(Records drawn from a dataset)
=== Begin Enclosure ===

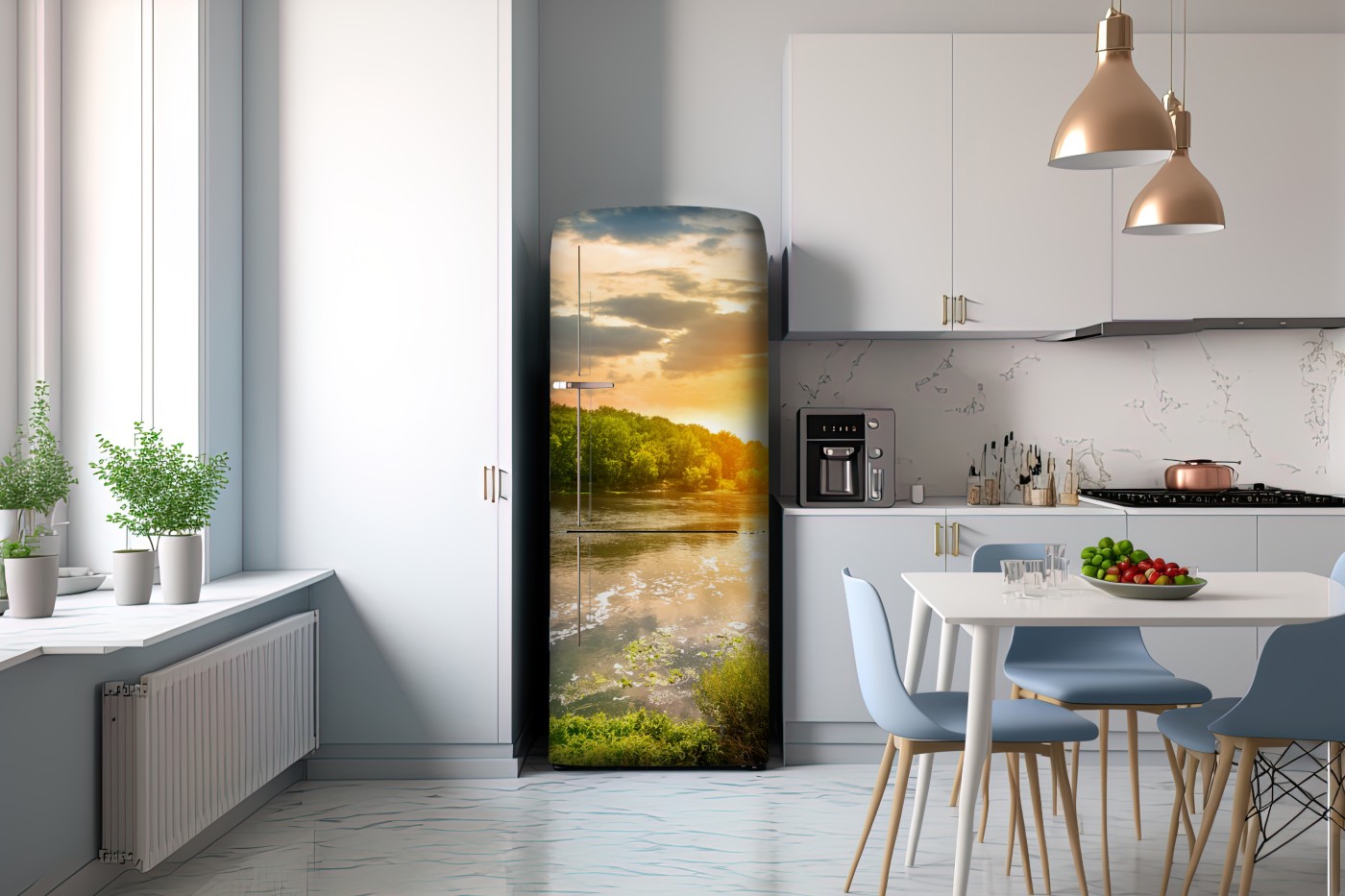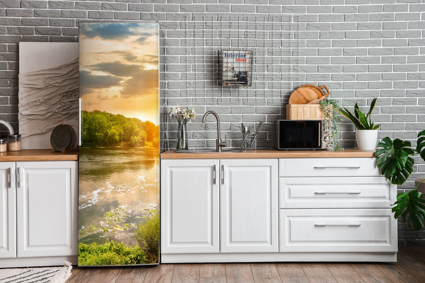 Kühlschrankaufkleber Ruhiger sonnenuntergang am fluss im grünen wald
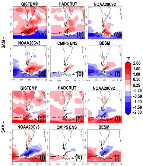 Surface temperature anomalies composites according to SAM phases. (a–f), positive SAM; (g–l), negative SAM. Composites were obtained by averaging temperature anomalies in months with SAM standardized index values higher than |2|. Temperature values are in celsius (°C). Datasets: (a,g), Marshall SAM index and GISTEMP; (b,h), Marshall SAM index and HadCRUT; (c,i), NOAA-20Cv2; (d,j), NOAA-20Cv3; (e,k), CMIP5 ensemble meanr.
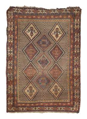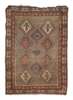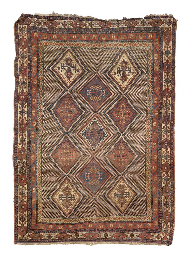 the zig zag field with eleven polychrome lozenge medallions, within cream cartouche border between multiple bands
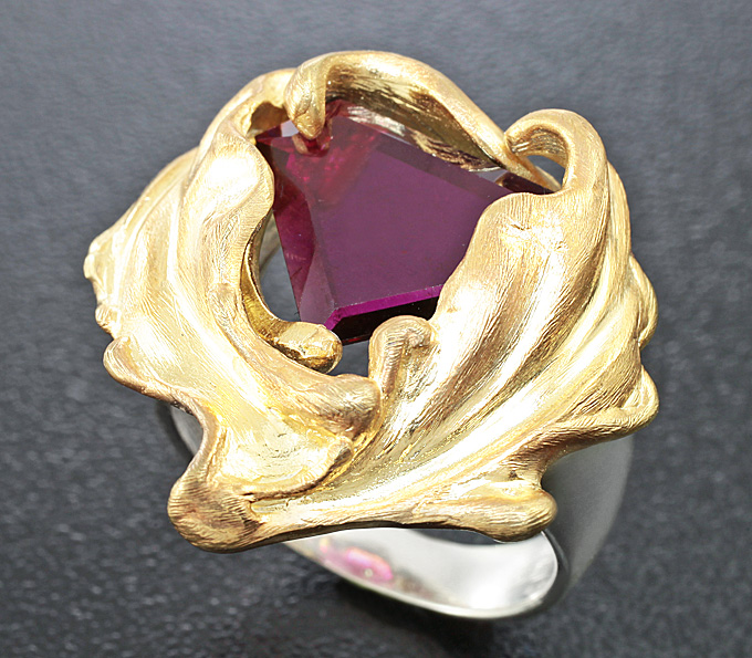 Вашему вниманию предлагается кольцо из стерлингового серебра (925 проба) cо слайсом рубеллита турмалина! Изделие частично позолочено. Площадка 24 х 23 мм, высота 5 мм. Вес изделия 9,3 г. Размер 17. Ниже приводятся ювелирные характеристики вставки.
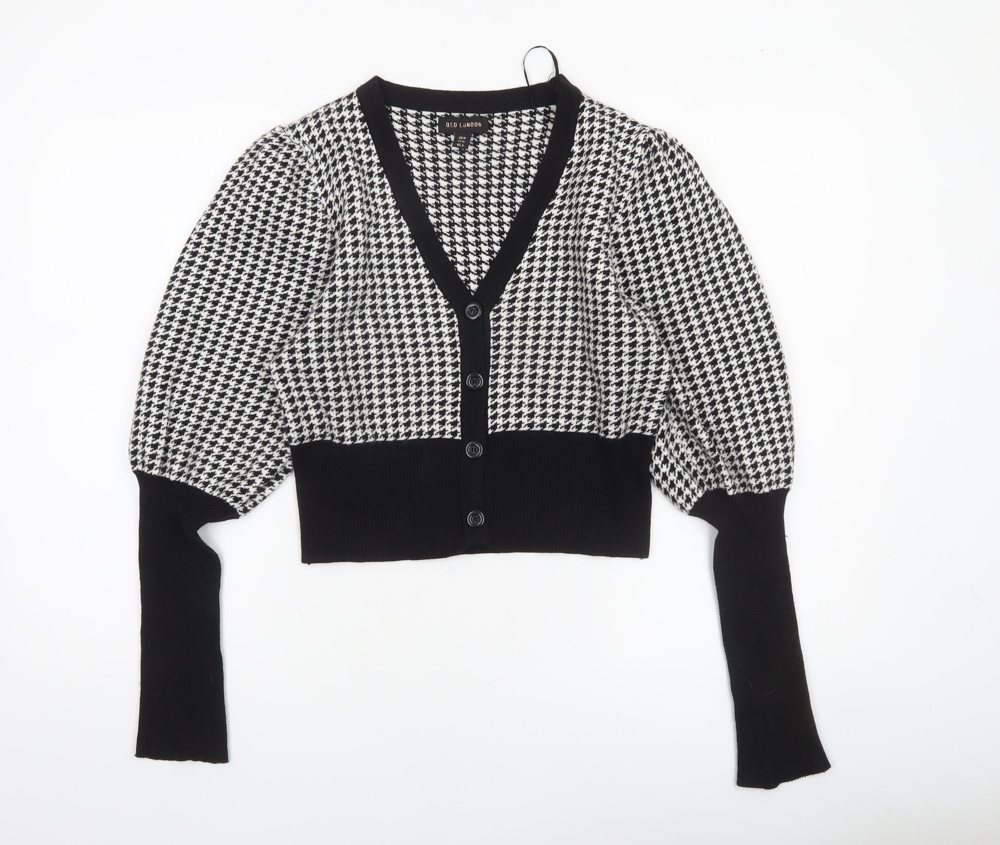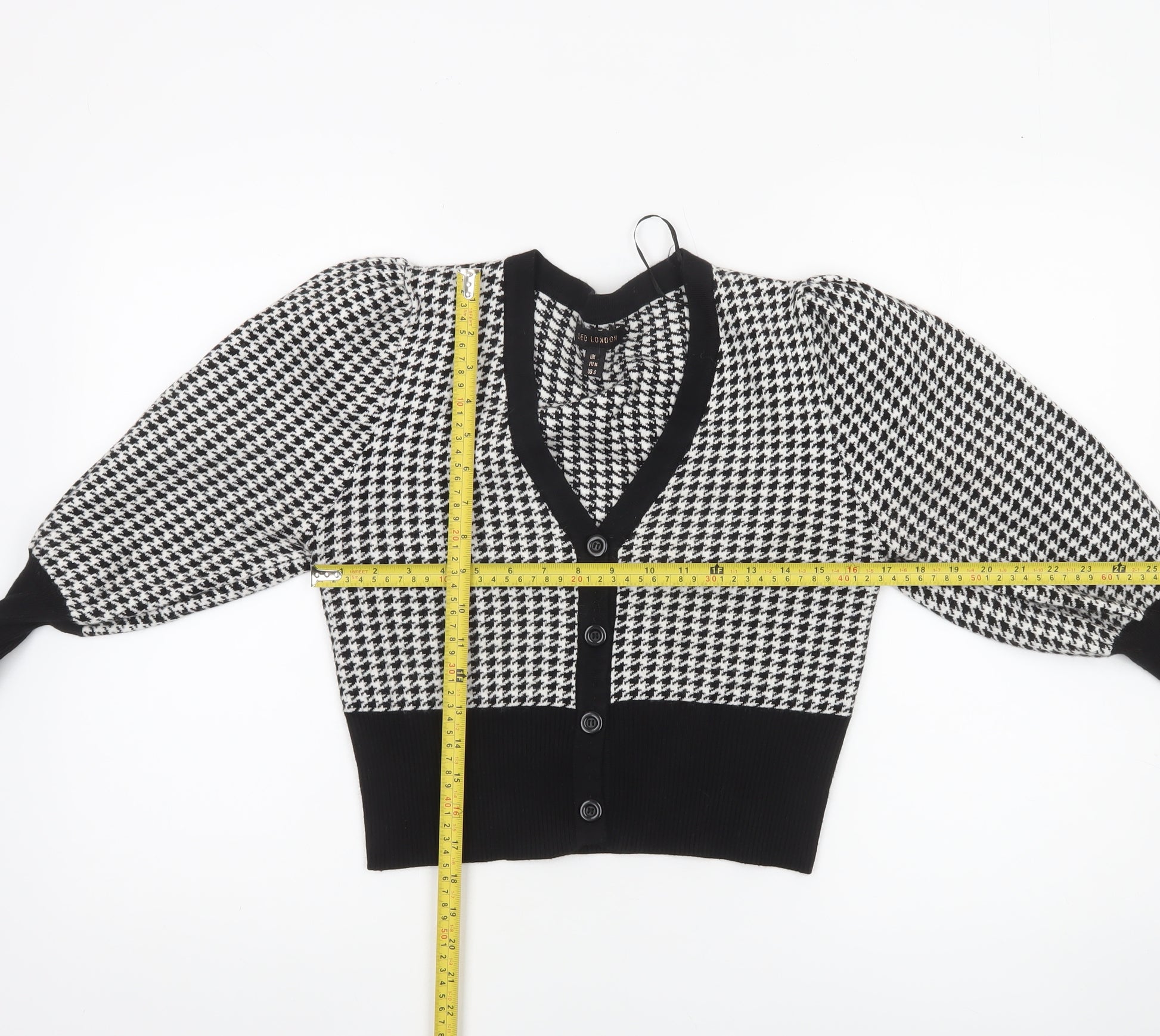 Womens Black Houndstooth V-Neck Cardigan Size M
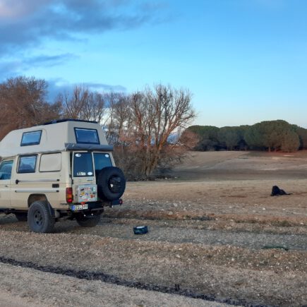Wir haben Glück mit unserem ersten Übernachtungsplatz in Portugal. Kurz hinter der Grenze direkt am Rio Côa befindet sich ein kleiner hübsch aussehender Campingplatz. Dieser hat leider geschlossen, aber daneben …

=== End Enclosure ===

Without the images, write out each line of the data verbatim.

- **SOLVED EXERCISE**
 Kühlschrankaufkleber Ruhiger sonnenuntergang am fluss im grünen wald
 Surface temperature anomalies composites according to SAM phases. (a–f), positive SAM; (g–l), negative SAM. Composites were obtained by averaging temperature anomalies in months with SAM standardized index values higher than |2|. Temperature values are in celsius (°C). Datasets: (a,g), Marshall SAM index and GISTEMP; (b,h), Marshall SAM index and HadCRUT; (c,i), NOAA-20Cv2; (d,j), NOAA-20Cv3; (e,k), CMIP5 ensemble meanr.
 the zig zag field with eleven polychrome lozenge medallions, within cream cartouche border between multiple bands
 Вашему вниманию предлагается кольцо из стерлингового серебра (925 проба) cо слайсом рубеллита турмалина! Изделие частично позолочено. Площадка 24 х 23 мм, высота 5 мм. Вес изделия 9,3 г. Размер 17. Ниже приводятся ювелирные характеристики вставки.
 Womens Black Houndstooth V-Neck Cardigan Size M
Wir haben Glück mit unserem ersten Übernachtungsplatz in Portugal. Kurz hinter der Grenze direkt am Rio Côa befindet sich ein kleiner hübsch aussehender Campingplatz. Dieser hat leider geschlossen, aber daneben …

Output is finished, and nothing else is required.